Should I call backward() separately on each stochastic node?

pbloem · November 18, 2017, 2:27pm

I have a model which has a single sample from a multinomial pretty far upstream. Other than that it’s a standard supervised learning model, resulting in a single loss value at the end.

I’ve got my head around the reinforce function. I now do the following:

Compute a loss vector L over the batch (i.e. the batch loss, but not summed)
Pass the negative of this loss to reinforce() on the Variable returned by torch.multinomial().
Call backward() on the sum of the loss.
Call optimizer.step()

Doing this, the gradient over the parameters of the multinomial is None. Only if I call backward() also on the output of torch.multinomial() (after calling reinforce()) do I get a gradient.
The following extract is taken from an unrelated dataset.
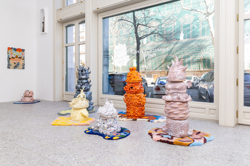 A fali objekteket nagyméretű, modulárisan építkező, amorf szobrok egészítik ki, amelyek szintén kifejezetten erre a kiállításra készültek. Ezekben is jelen van a sokféle minőség: puha szőnyegen álló, szörnyszerű lényeknek látjuk őket, akik amorfan szétfolynak, kontúrjaik sem szilárdak vagy konkrétak, ez a fajta képlékenység pedig szintén a testiséget és a testszerűséget emeli a befogadásba, zsigeri érzeteink támadnak, ugyanakkor olyan nem emberi létformákra asszociálunk, mint a korallok vagy a polipok.

Is this the correct approach, or am I misunderstanding something?

hughperkins · November 18, 2017, 2:47pm

Thats correct. but personally, I just do the calcs myself, since:

then I dont have to think about this so much: it resembles REINFORCE more
in next torch version, the api is very similar to doing it by hand, so migraiton will be easier
makes it easier for non-pytorch people to read too

The calcs by hand, compared with reinforce, is something like:

import torch
from torch import autograd, nn, optim
import torch.nn.functional as F
from torch.autograd import Variable
import numpy as np


def run_model(x, h1):
    torch.manual_seed(123)
    params = list(h1.parameters())

    logits = h1(Variable(x))
    probs = F.softmax(logits)
    a = torch.multinomial(probs)
    print('a', a)
    return logits, probs, a


def get_r():
    torch.manual_seed(123)
    r = torch.rand(4, 1)
    return r


def run_by_hand(params, x, h1):
    print('')
    print('=======')
    print('by hand')
    h1.zero_grad()

    logits, probs, a = run_model(x, h1)
    g = torch.gather(probs, 1, Variable(a.data))
    log_g = g.log()
    a = a.data

    r = get_r()
    r_loss = - (log_g * Variable(r)).sum()
    r_loss.backward()
    print('params.grad', params.grad)


def run_pytorch_reinforce(params, x, h1):
    print('')
    print('=======')
    print('pytorch reinforce')
    h1.zero_grad()
    x1, x2, a = run_model(x, h1)
    r = get_r()
    a.reinforce(r)
    autograd.backward([a], [None])
    print('params.grad', params.grad)


def run():
    N = 4
    K = 1
    C = 3

    torch.manual_seed(123)
    x = torch.ones(N, K)
    h1 = nn.Linear(K, C, bias=False)
    params = list(h1.parameters())[0]
    run_by_hand(params, x, h1)
    run_pytorch_reinforce(params, x, h1)


if __name__ == '__main__':
    run()